Love and Heartbreak on Facebook
Setting your "relationship status" on Facebook may mean more than you think.
May 20, 2008 -- The highlights of a romance were once trumpeted by the presence of a ring, a ceremony and a joyful notice in the newspaper.
And the bitter lowlights were usually endured in the tearful intimacy of close friends.
These days, however, in a culture permeated by social networking sites like MySpace and Facebook, a simple click of a button can mark the beginning and end of a relationship.
With an apparently dwindling desire and expectation for privacy, people increasingly indicate their "relationship status" on their social networking profile. The risky business of managing a romance is played out before hundreds of "friends," who may range from childhood pals to complete strangers.
That simple little button declaring romantic standing can also complicate existing relationships. These days, one half of a couple may lean on the other to change his or her relationship status to make a digital commitment.
Spencer Raymond, 26, recounts his "crappy" experience.

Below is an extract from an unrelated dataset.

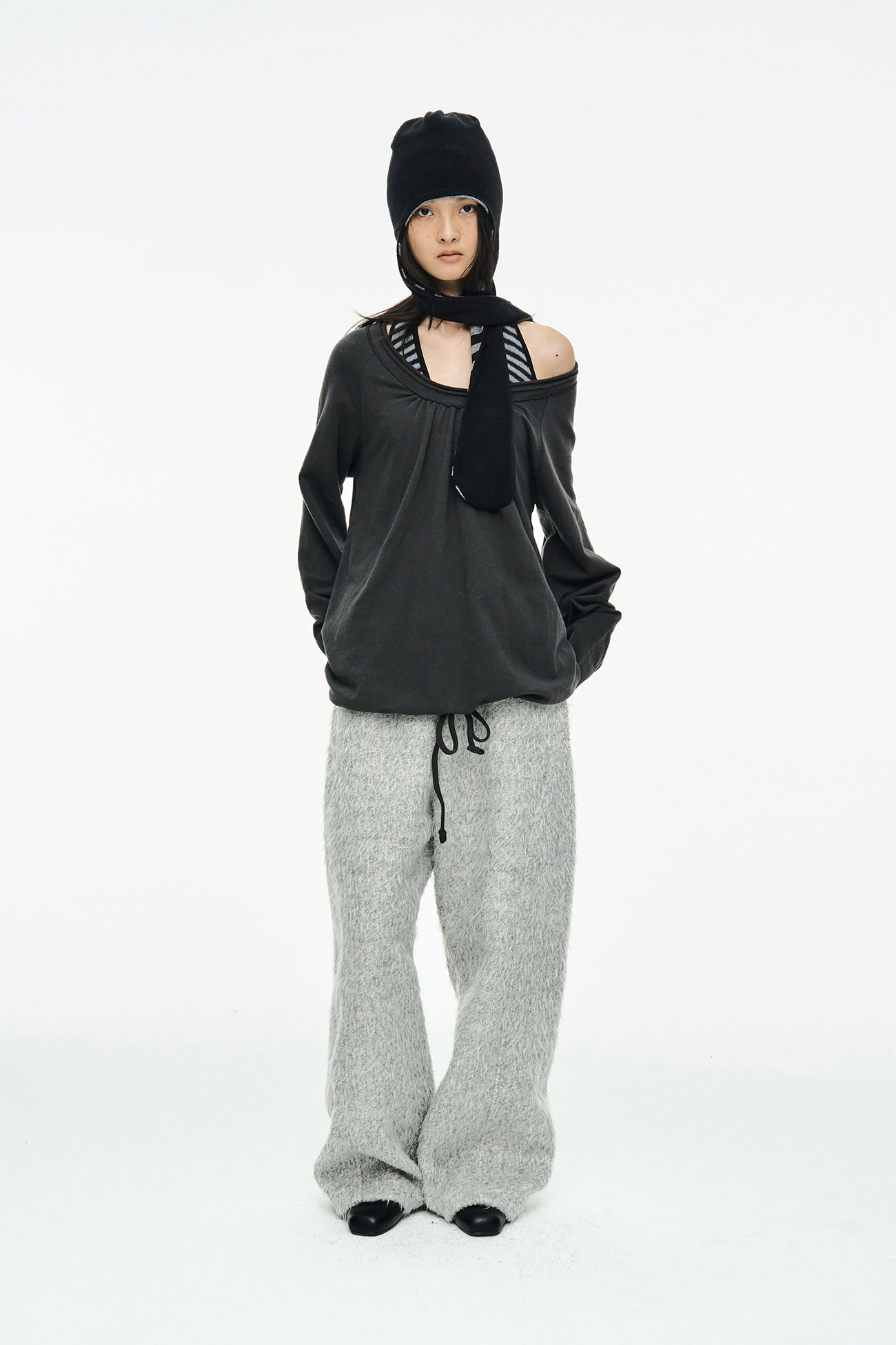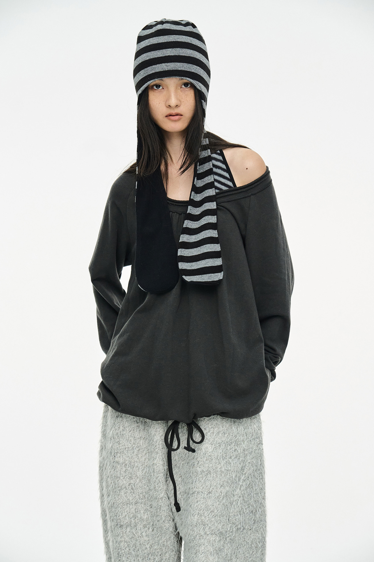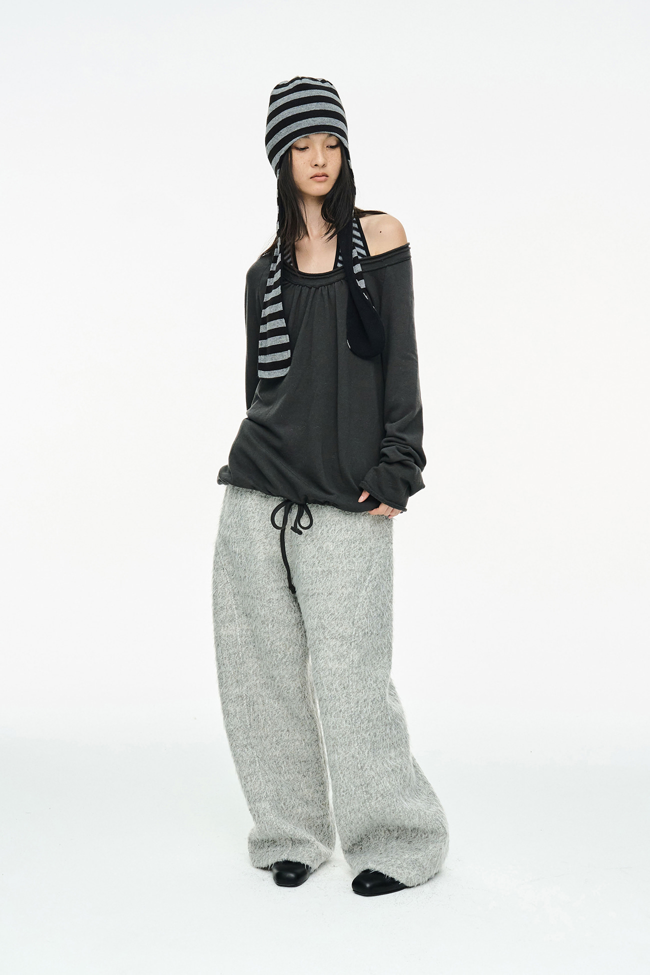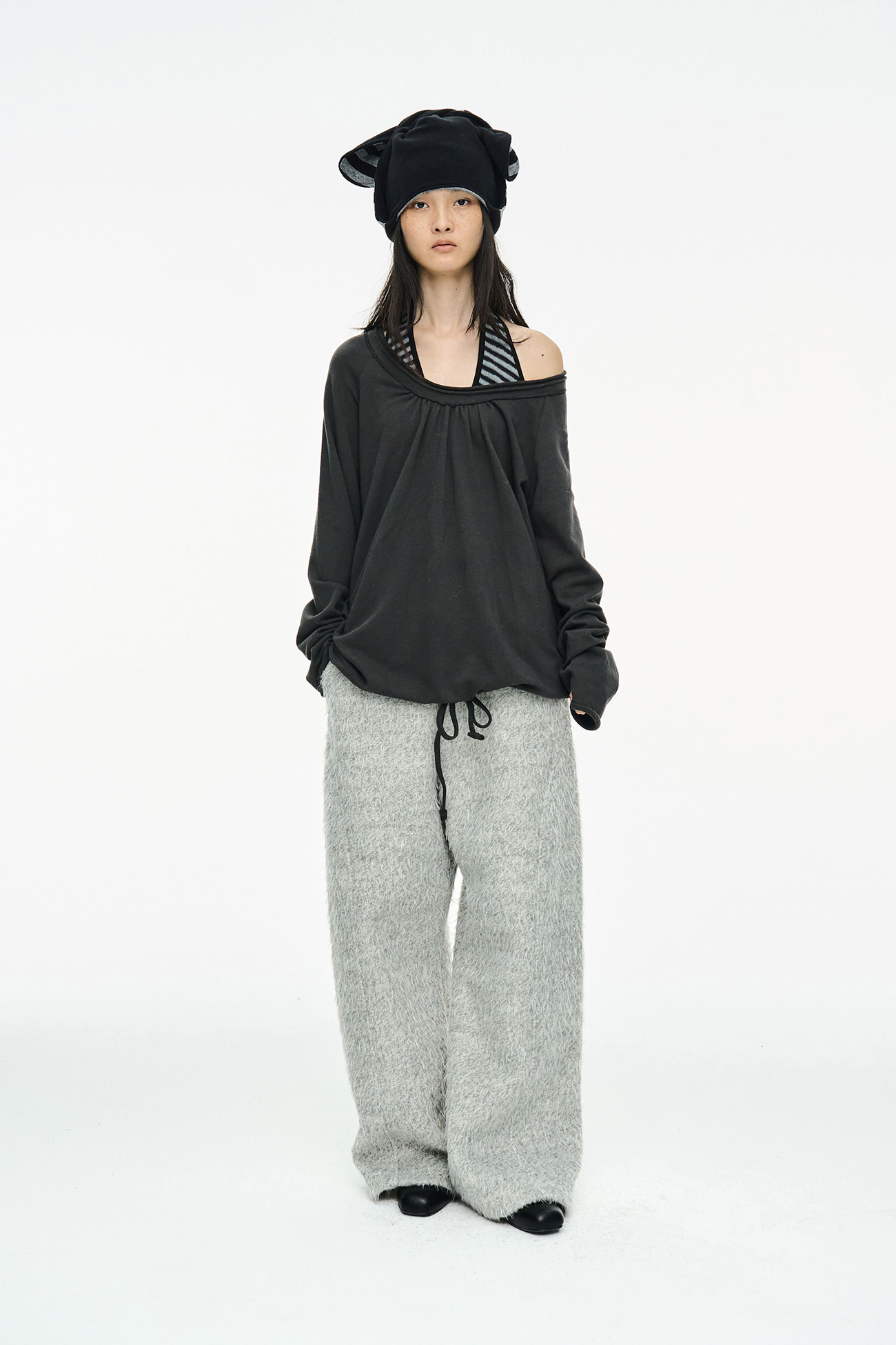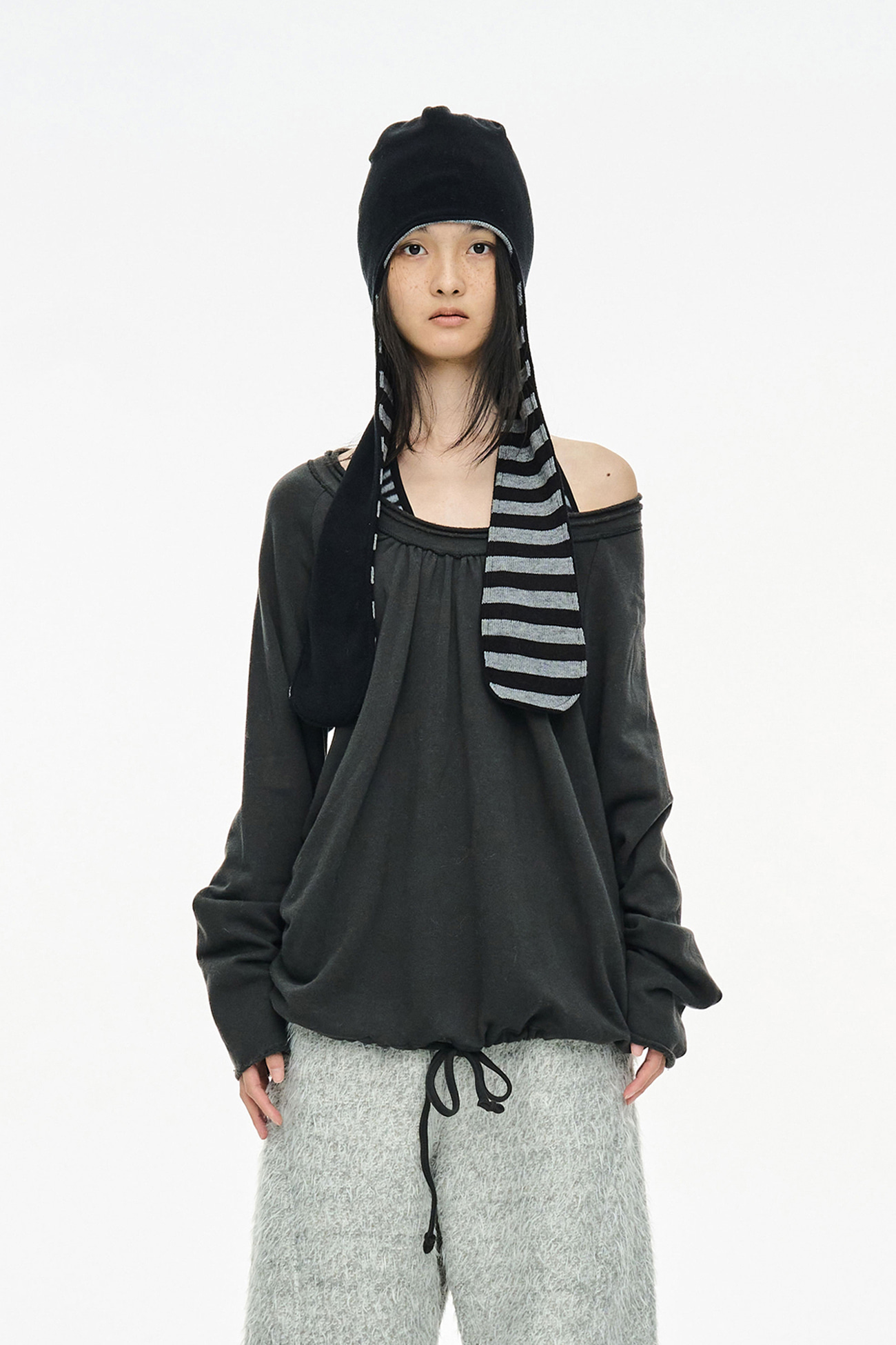[EXCLUSIVE] ROUND HEM STRING TOP / CHARCOAL

Raymond says that when he changed his Facebook status to single, he inadvertently hurt his ex-girlfriend. She was barraged with phone calls from several of his 400 friends, an experience he says was uncomfortable for both of them.
"Relationships are hard as it is," says Raymond. Facebook just "adds to the pain of a sensitive situation."
Jamie Barone, however, is quite comfortable publicizing his relationship status online. He lives with and plans to marry his girlfriend, whom he has been dating for 15 months.
About a year ago, as Barone's relationship became serious, he had a discussion with his girlfriend about changing their relationship status from "single" to "in a relationship" on their Facebook profiles.
Why bother getting into that sort of detail on Facebook? While Barone, 28 , hesitates to attach too much importance to Facebook, he says that specifying relationship status is "somewhat meaningful."
"Those things are your billboard," he says. "What you put up there is a reflection of what is going on in your life."
Barone doesn't concern himself with others' disdain of the public testament of his affection. If anyone finds it intrusive or silly, "it's their problem," he says.
For now, Barone is confident that he is in a relationship that will not end. He admits that if he breaks up with his girlfriend, his relationship status may become problematic.
Going from "in a relationship" to "single" online may become similar to returning an engagement ring, and is possibly a new rite of passage that young modern couples will have to have to deal with.
Psychoanalyst Bethany Marshall says that social networking sites can add to the pressures of a modern relationship. "The Internet is changing what intimacy means," she says.
Couples are accustomed to the rites of engagement, marriage and divorce on their relationships, Marshall says. Now, she adds, putting your relationship on Facebook for hundreds of strangers "messes with those rites."
Social networking sites may even be forcing a conversation on couples that they may not be prepared for.
A 32-year-old woman says that after dating for three months her boyfriend started pestering her to change her MySpace status from "single" to "in a relationship." She resisted and chose another option -- "swinger."
She said she tried to make light of the pressure while trying not to hurt her boyfriend. The relationship ended a year later, and her MySpace status remains "swinger."
Online social networking isn't going away, and neither are bad relationships. A social networking site may be a good way to tell if you are in a bad relationship. "Healthy relationships unfold at a natural pace," says Marshall, and "unhealthy people are really clingy or really rejecting."
Marshall advises that social networking sites should not be a weapon, and "if someone is pressuring you based upon your MySpace page, they may not be healthy enough to be in a relationship."
One MySpace user says he changed his status to "single" after his breakup as a way to "remind myself that my relationship really was over." It was a way, he says, of moving forward and facing life without a woman he thought he was going to spend the rest of his life with.